I also added in a lot of the ancillary page data, including the help text, various essays, the ‘history’ page, copyright and privacy pages, the memorial lectures and the multi-section ‘introduction to the AND’.  I didn’t quite manage to get all of the links working in the latter and I’ll need to return to this next year.  I also overhauled the homepage and footer, adding in the project’s Twitter feed, a new introduction and adding links to Twitter and Facebook to the footer.

I also identified and fixed an error with the label translations, which were sometimes displaying the wrong translation.  My script that extracted the labels was failing to grab the sense ID for subsenses.  This ID is only used to pull out the appropriate translation, but because of the failure the ID of the last main sense was being used instead.  I therefore had to update my script and regenerate the translation data.  I also updated the label search to add in citations as well as translations.  This means the search results page can get very long as both labels and translations are applied at sense level, so we end up with every citation in a matching sense listed, but apparently this is what’s wanted.

I also fixed the display of ‘YBB’ sources, which for some unknown reason are handled differently to all other sources in the system and fixed the issue with deviant forms and their references and parts of speech.

On Wednesday we made the site live, replacing the old site with the new one, which you can now access here:  https://anglo-norman.net/.  It wasn’t entirely straightforward to get the DNS update working, but we got there in the end, and after making some tweaks to paths and adding in Google Analytics the site was ready to use, which is quite a relief.  There is still a lot of work to do on the site, but I’m very happy with the progress I’ve made with the site since I began the redevelopment in October.

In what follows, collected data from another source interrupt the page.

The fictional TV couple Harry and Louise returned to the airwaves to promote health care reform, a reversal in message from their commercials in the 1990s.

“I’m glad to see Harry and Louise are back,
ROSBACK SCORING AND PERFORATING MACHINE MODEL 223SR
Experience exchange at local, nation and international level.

Also this week I set up a new website for phase two of the ‘Editing Burns for the 21st Century’ project and upgraded all of the WordPress sites I manage to the most recent version.  I also arranged a meeting with Jane Stuart-Smith to discuss a new project in the New Year, replied to Kirsteen McCue about a proposal she’s finishing off, replied to Simon Taylor about a new place-name project he wants me to be involved with and replied to Carolyn Jess-Cooke about a project of hers that will be starting next year.

That’s all for 2020.  Here’s hoping 2021 is not going to be quite so crazy!

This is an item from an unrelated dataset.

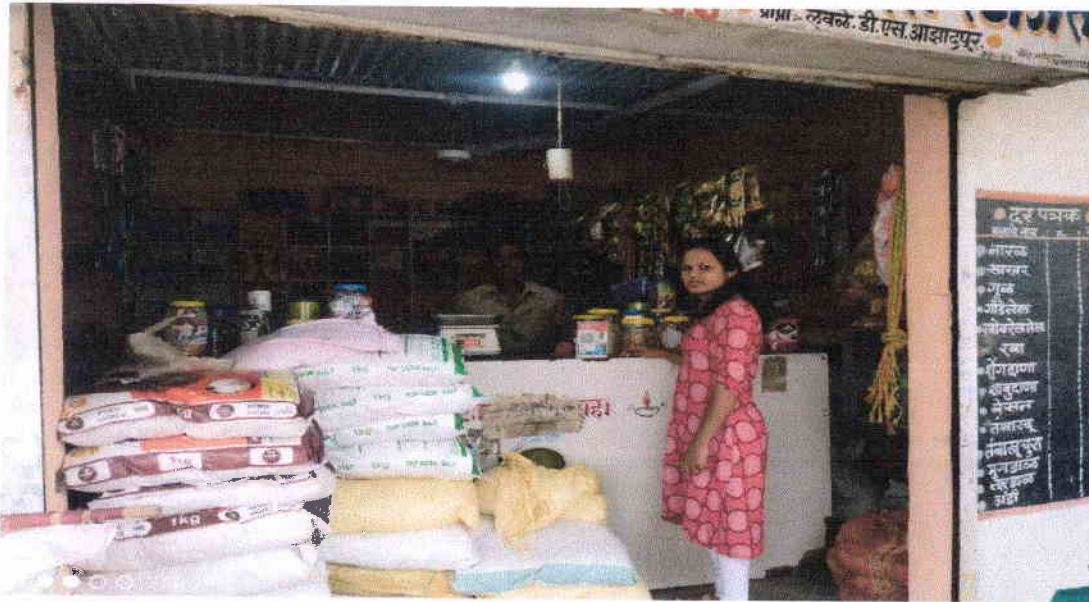
Grocery Shop Village Survey at Azadpur

Week Beginning 7th December 2020

I spent most of the week working on the Anglo-Norman Dictionary as we’re planning on launching this next week and there was still much to be done before that.  One of the big outstanding tasks was to reorder all of the citations in all senses within all entries so they are listed by their date.  This was a pretty complex task as each entry may any number of up to four different types of sense:  main senses, subsenses and then main senses and subsenses within locutions.  My script needed to be able to extract the dates for each citation within each of these blocks, figure out their date order, rearrange the citations by this order and then overwrite the XML section with the reordered data.  Any loss of or mangling of the data would be disastrous and with almost 60,000 entries being updated it would not be possible to manually check that everything worked in all circumstances.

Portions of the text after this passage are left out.